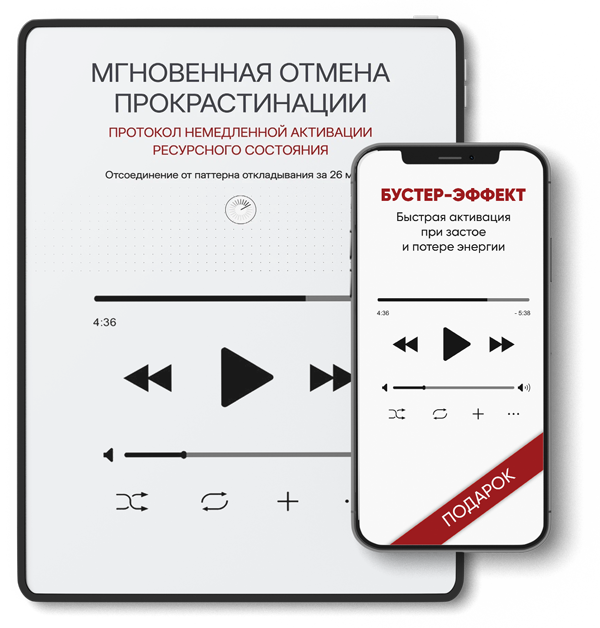 Протокол "Мгновенная отмена прокрастинации" убирает паттерн откладывания. "Бустер-эффект" даёт энергию и активацию
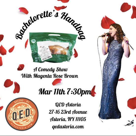 Bachelorette's Handbag is a comedy competition show where you choose the winner, who takes home not only the final rose, but also a "bachelor's handbag," more commonly known as a grocery store bagged rotisserie chicken. Featuring stand-up, improv, and a talent show, Bachelorette's Handbag is promised to be a night of love, laughter, and protein. You won't want to miss the hottest new show with slightly chilled poultry.
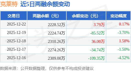 证券之星消息,12月22日,克莱特(920689)融资买入285.02万元,融资偿还281.23万元,融资净买入3.79万元,融资余额2228.52万元。
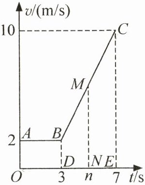 26. (8分)新趋势 学科融合 某物体从点P沿直线运动到点Q所用的时间为7s,其运动速度$v(m/s)关于时间t(s)$的函数关系如图所示.某数学兴趣小组经过探究发现:该物体前3s运动的路程在数值上等于矩形AODB的面积;由物理学知识还可知:该物体前$n\ s(3<n≤7)$运动的路程在数值上等于矩形AODB的面积与梯形BDNM的面积之和.
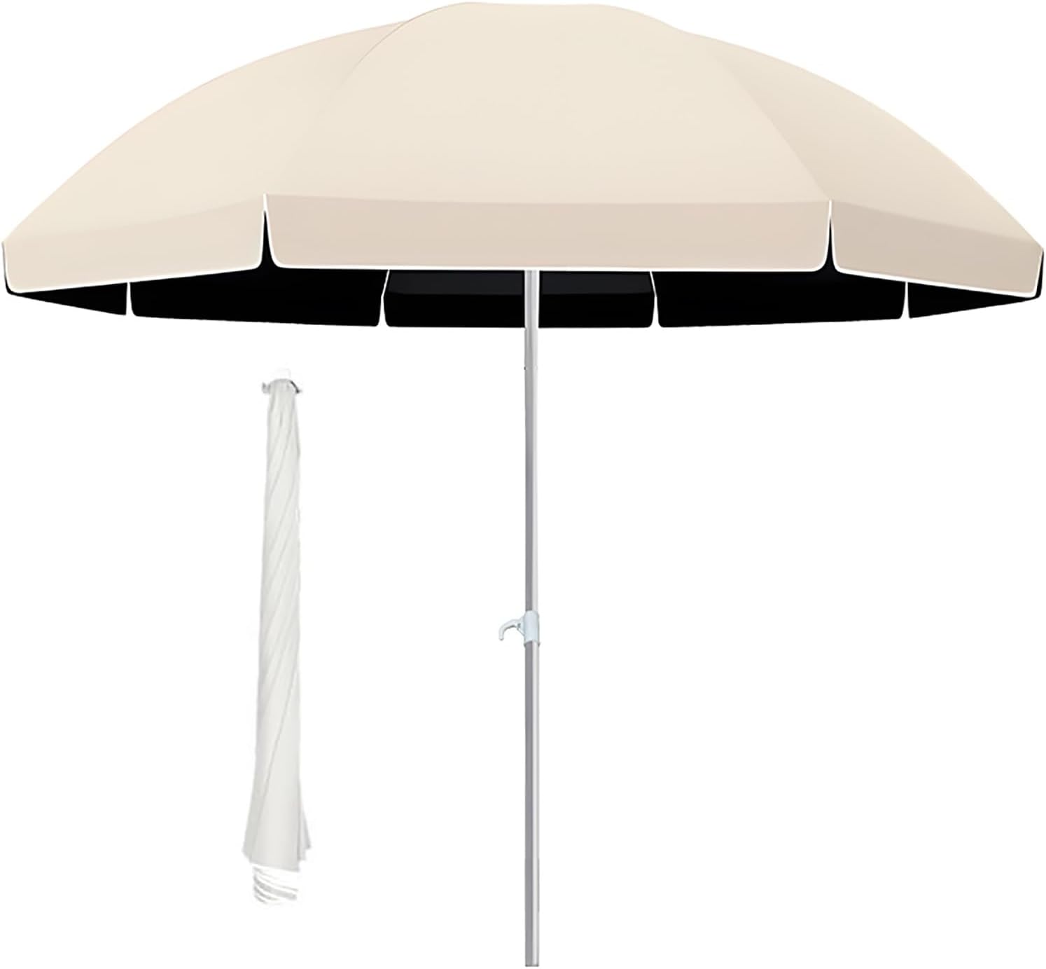 Portable outdoor beach umbrella, lightweight and portable design, allows you to easily carry it to outdoor gatherings, parties, seaside, create a cool area in the hot season, very friendly for people who like outdoor activities8 ribs, providing stability2 layers of windproof ribsAdjustable heightRound polyester canopy, inner black sunscreen coating, UV protectionThe upper and lower poles are detachable for easy carrying and transportation6 colors available, gray, black, white, green, yellow, khakiUmbrella top, 180cmUmbrella bottom ø, 155cmUmbrella height, 190cmUmbrella bottom height, 148cmStorage length, 89cmUpper mast ø, 19mm,Lower mast ø, 22mmUmbrella top, 220cmUmbrella bottom ø, 180cmUmbrella height, 195cmUmbrella bottom height, 150cmStorage length, 114cmUpper mast ø, 25mm,Lower mast ø, 28mmUmbrella top, 240cmUmbrella bottom ø, 200cmUmbrella height, 230cmUmbrella bottom height, 170cmStored length, 124cmUpper mast ø, 25mm,Lower mast ø, 28mmPacking list1×beach umbrella (without base)
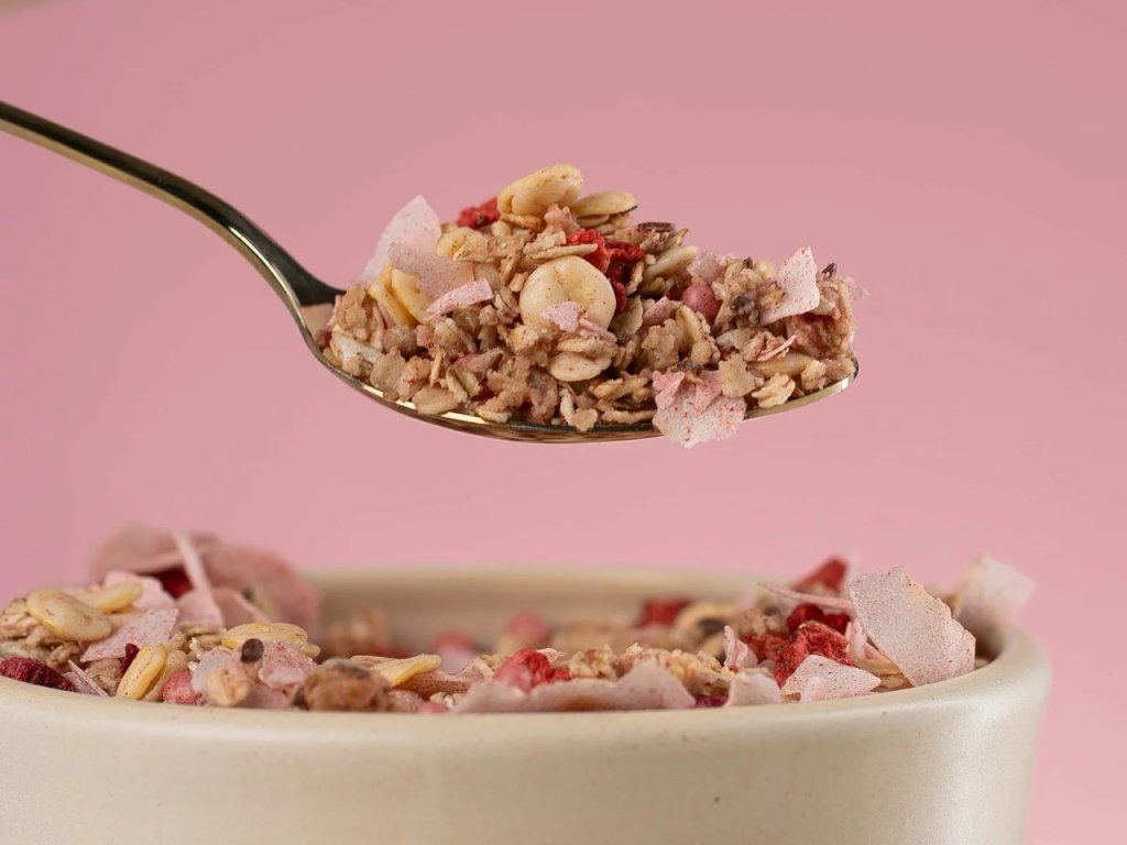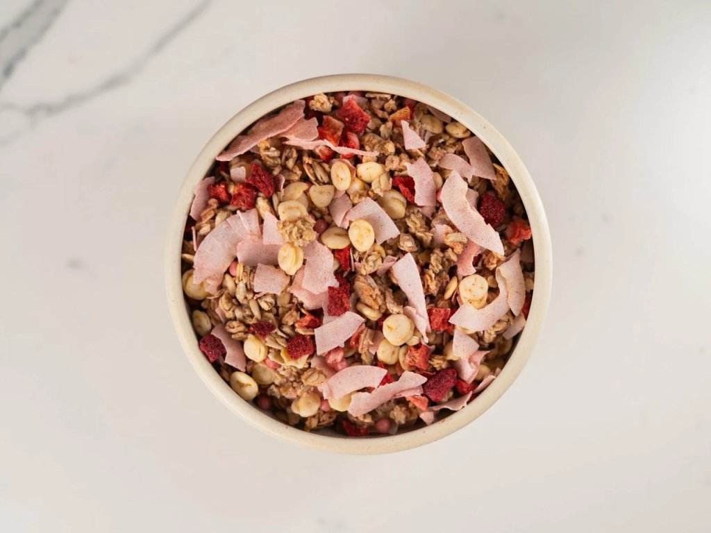 Granola 62 % (celozrnné ovsené vločky, vláknina z koreňa čakanky, slnečnicové semená, ľanové semená, repkový olej), kukuričné lupienky v bielej čokoláde 14 % [biela čokoláda 56 % (cukor, kakaové maslo, sušené plnotučné mlieko, sušená smotana, emulgátor: lecitíny; prírodná vanilková aróma), kukuričné lupienky 42 % (kukuričná krupica, cukor, jedlá soľ, jačmenný sladový výťažok, minerálna látka: uhličitan vápenatý), leštiaca zmes (leštiaca látka: arabská guma; cukor, med)], kokosové plátky 12 %, pšeničné crispies v bielej čokoláde s malinami 7 % [biela čokoláda 69 % (cukor, kakaové maslo, sušené mlieko, sušená smotana, emulgátor: lecitíny; prírodná vanilková aróma), crispies (pšeničná múka, cukor, jedlá soľ, kakao so zníženým obsahom tuku), prášok z mrazom sušených malín 2 %, leštiaca zmes (leštiaca látka: arabská guma; cukor, med)], lyofilizované jahody 3 %, prášok z lyofilizovaných jahôd 1 %, lyofilizované maliny 1 %. Môže obsahovať stopy škrupinových plodov, arašidov, sezamu a sóje.
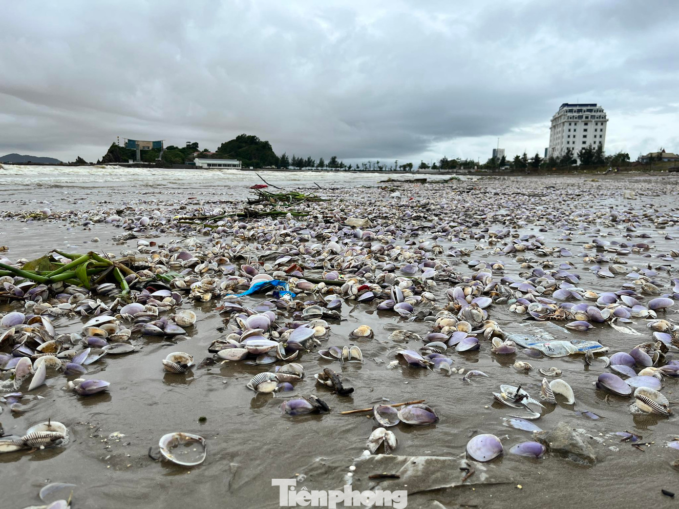 | Đến trưa 28/9, trên bờ biển Cửa Lò có rất nhiều vỏ ngao bị đánh dạt vào bờ. |
- - - - -
In the copy, keep every line of the data above exactly and drop each picture.

→ **RESPONSE BELOW**
 Протокол "Мгновенная отмена прокрастинации" убирает паттерн откладывания. "Бустер-эффект" даёт энергию и активацию
 Bachelorette's Handbag is a comedy competition show where you choose the winner, who takes home not only the final rose, but also a "bachelor's handbag," more commonly known as a grocery store bagged rotisserie chicken. Featuring stand-up, improv, and a talent show, Bachelorette's Handbag is promised to be a night of love, laughter, and protein. You won't want to miss the hottest new show with slightly chilled poultry.
 证券之星消息,12月22日,克莱特(920689)融资买入285.02万元,融资偿还281.23万元,融资净买入3.79万元,融资余额2228.52万元。
 26. (8分)新趋势 学科融合 某物体从点P沿直线运动到点Q所用的时间为7s,其运动速度$v(m/s)关于时间t(s)$的函数关系如图所示.某数学兴趣小组经过探究发现:该物体前3s运动的路程在数值上等于矩形AODB的面积;由物理学知识还可知:该物体前$n\ s(3<n≤7)$运动的路程在数值上等于矩形AODB的面积与梯形BDNM的面积之和.
 Portable outdoor beach umbrella, lightweight and portable design, allows you to easily carry it to outdoor gatherings, parties, seaside, create a cool area in the hot season, very friendly for people who like outdoor activities8 ribs, providing stability2 layers of windproof ribsAdjustable heightRound polyester canopy, inner black sunscreen coating, UV protectionThe upper and lower poles are detachable for easy carrying and transportation6 colors available, gray, black, white, green, yellow, khakiUmbrella top, 180cmUmbrella bottom ø, 155cmUmbrella height, 190cmUmbrella bottom height, 148cmStorage length, 89cmUpper mast ø, 19mm,Lower mast ø, 22mmUmbrella top, 220cmUmbrella bottom ø, 180cmUmbrella height, 195cmUmbrella bottom height, 150cmStorage length, 114cmUpper mast ø, 25mm,Lower mast ø, 28mmUmbrella top, 240cmUmbrella bottom ø, 200cmUmbrella height, 230cmUmbrella bottom height, 170cmStored length, 124cmUpper mast ø, 25mm,Lower mast ø, 28mmPacking list1×beach umbrella (without base)
 Granola 62 % (celozrnné ovsené vločky, vláknina z koreňa čakanky, slnečnicové semená, ľanové semená, repkový olej), kukuričné lupienky v bielej čokoláde 14 % [biela čokoláda 56 % (cukor, kakaové maslo, sušené plnotučné mlieko, sušená smotana, emulgátor: lecitíny; prírodná vanilková aróma), kukuričné lupienky 42 % (kukuričná krupica, cukor, jedlá soľ, jačmenný sladový výťažok, minerálna látka: uhličitan vápenatý), leštiaca zmes (leštiaca látka: arabská guma; cukor, med)], kokosové plátky 12 %, pšeničné crispies v bielej čokoláde s malinami 7 % [biela čokoláda 69 % (cukor, kakaové maslo, sušené mlieko, sušená smotana, emulgátor: lecitíny; prírodná vanilková aróma), crispies (pšeničná múka, cukor, jedlá soľ, kakao so zníženým obsahom tuku), prášok z mrazom sušených malín 2 %, leštiaca zmes (leštiaca látka: arabská guma; cukor, med)], lyofilizované jahody 3 %, prášok z lyofilizovaných jahôd 1 %, lyofilizované maliny 1 %. Môže obsahovať stopy škrupinových plodov, arašidov, sezamu a sóje.
 | Đến trưa 28/9, trên bờ biển Cửa Lò có rất nhiều vỏ ngao bị đánh dạt vào bờ. |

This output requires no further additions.